La poderosa Asociación Nacional del Rifle de EEUU estalla por dentro (y Trump está muy preocupado)

Problemas financieros y luchas internas acosan al lobby pro-armas de Estados Unidos poniendo en duda si la NRA podrá financiar la campaña de Trump

Ya en las pasadas elecciones a la Cámara de Representantes, que ganaron los demócratas, la asociación tuvo que dismunuir en un tercio su gasto

La asociación acumula 64 millones de dólares en pérdidas y varios casos judiciales que preocupan a Trump, que en la anterior campaña recibió hasta 70 millones

Donald Trump, preocupado por la crisis interna de la NRA

Donald Trump, preocupado por la crisis interna de la NRA

"Vuelvan a ser GRANDES – RÁPIDO". Donald Trump tuiteó cuando terminaba la convención anual de la Asociación Nacional del Rifle la semana pasada, el lobby pro armas estadounidense ahora bajo el punto de mira por los supuestos desmanes financieros de sus líderes. "Basta de peleas internas", imploraba el presidente de Estados Unidos a sus aliados de la NRA, por sus siglas en inglés.

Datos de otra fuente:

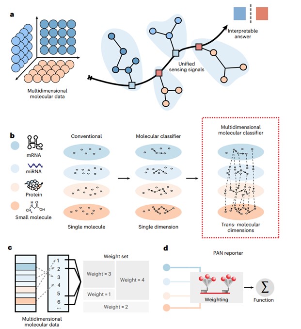 该研究基于框架核酸的可编程特性,创新性发展了类原子精度的信号报告体系(PAN reporter),可将多维度生物标志物分子结合事件进行信号转化与统一,创新性实现了多维生物标志物分子信息高精度的权重赋予与信号转化。在此基础上研制了可用于疾病分型的分类器,通过对多维度生物标志物(核酸、蛋白质以及小分子)的分类分析,实现了前列腺癌精准诊断,该研究也拓展了框架核酸生物传感平台。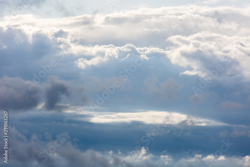 Thick beautiful clouds and clouds in the sky. Cloudy weather before the storm and rain.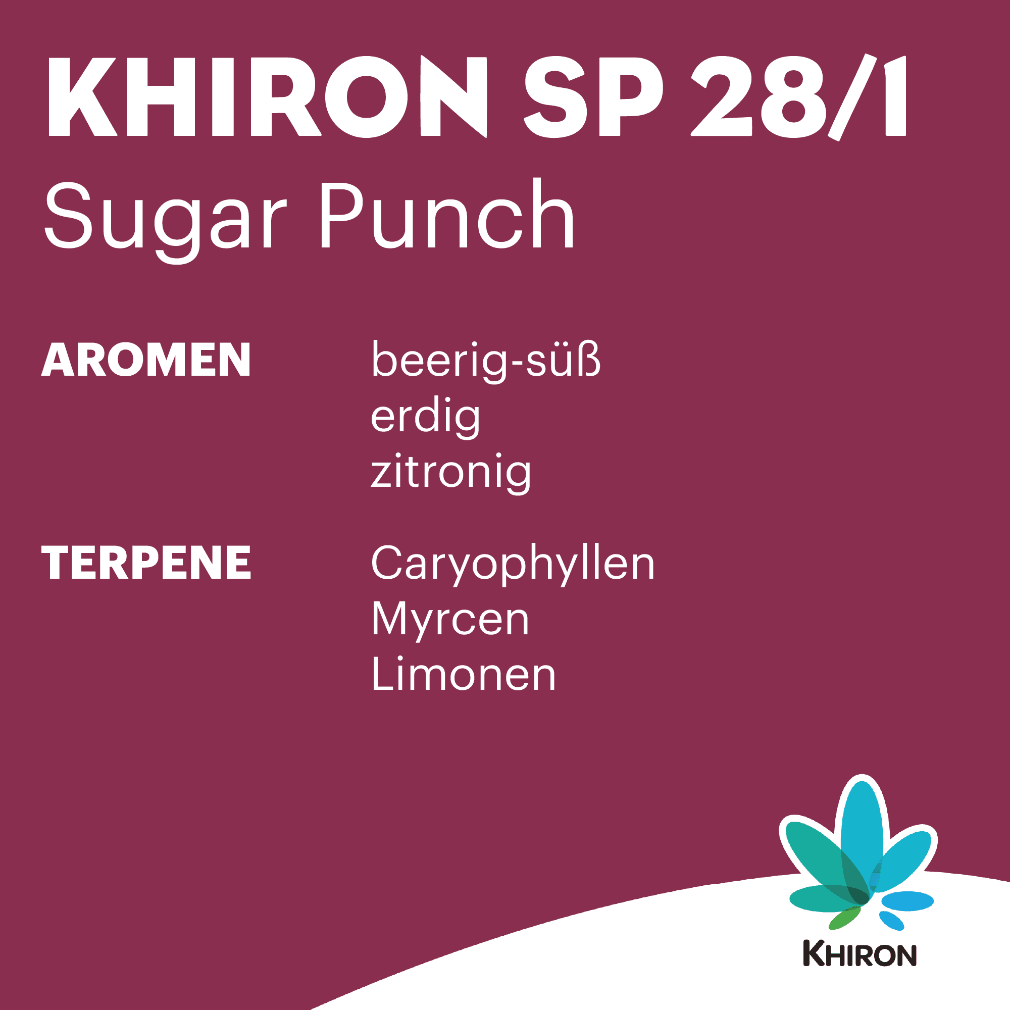 Der Gesamtterpengehalt liegt bei etwa 1,79 % (w/w). Caryophyllen ist das dominante Terpen, begleitet von Limonen, Myrcen, Humulen und Guaiol. Diese Zusammensetzung prägt das erdig-würzige Fundament der Blüte und unterstreicht die süß-zitrischen Akzente. Als Chemotyp-1-Blüte (THC-prädominant) wird Sugar Punch häufig als intensiv und zugleich ausgleichend beschrieben. Erfahrungsberichte deuten darauf hin, dass die Sorte insbesondere bei erhöhter körperlicher oder mentaler Belastung eingesetzt werden kann, ohne die Balance zu verlieren.
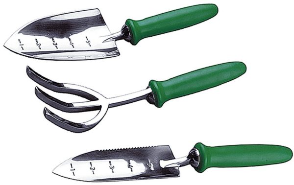 Un kit très pratique et miniature pour le jardin, qui comprend: un cône, une fourchette à pelle et un récipient à graines. Avec de tels outils, il sera facile de planter ou de transplanter des plantes.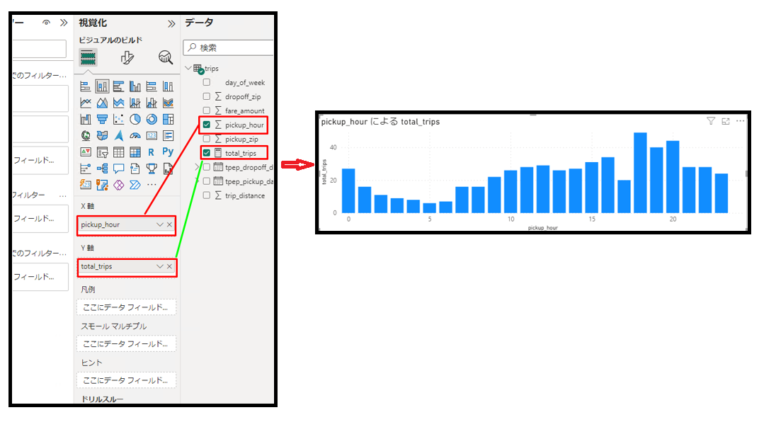 ⑦「pickup_hour」を「X 軸」に、「total_trips」を「Y 軸」にドラッグアンドドロップします。可視化は以下の画像通り表示されます。

Es lógico que a Trump le inquieten las dificultades de esta asociación de cinco millones de miembros. Le preocupa la capacidad del otrora todopoderoso grupo para repetir el apoyo que le dieron en las presidenciales de 2016 y respaldar, con decenas de millones de dólares, su candidatura en las elecciones de 2020, según antiguos miembros de la NRA y analistas en legislación sobre armas.

Los tuits llegaron a pocos días de su tercer discurso en la convención anual de la asociación como presidente de Estados Unidos, una frecuencia inédita para un presidente. En sus mensajes, también cargó contra la investigación a la NRA recién abierta por Letitia James, fiscal general de Nueva York, tras recibir acusaciones de irregularidades financieras. En Twitter, Trump acusó a James y a Andrew Cuomo, gobernador del Estado de Nueva York, de "usar de forma ilegal el aparato jurídico del Estado para derribar y destruir esta importante organización".

La NRA lleva dos años consecutivos registrando pérdidas por un total de 64 millones de dólares (más de 57,2 millones de euros). Entre los problemas que enfrenta figuran las acusaciones contra su director y contra su presidente por usar información privilegiada para hacer negocios privados. Los defensores de la asociación esgrimen que Trump quiere que la NRA resuelva sus peleas internas y se centre en los desafíos legales y económico, porque confía en volver a contar con su músculo político y financiero para mejorar sus posibilidades de ser reelegido en 2020.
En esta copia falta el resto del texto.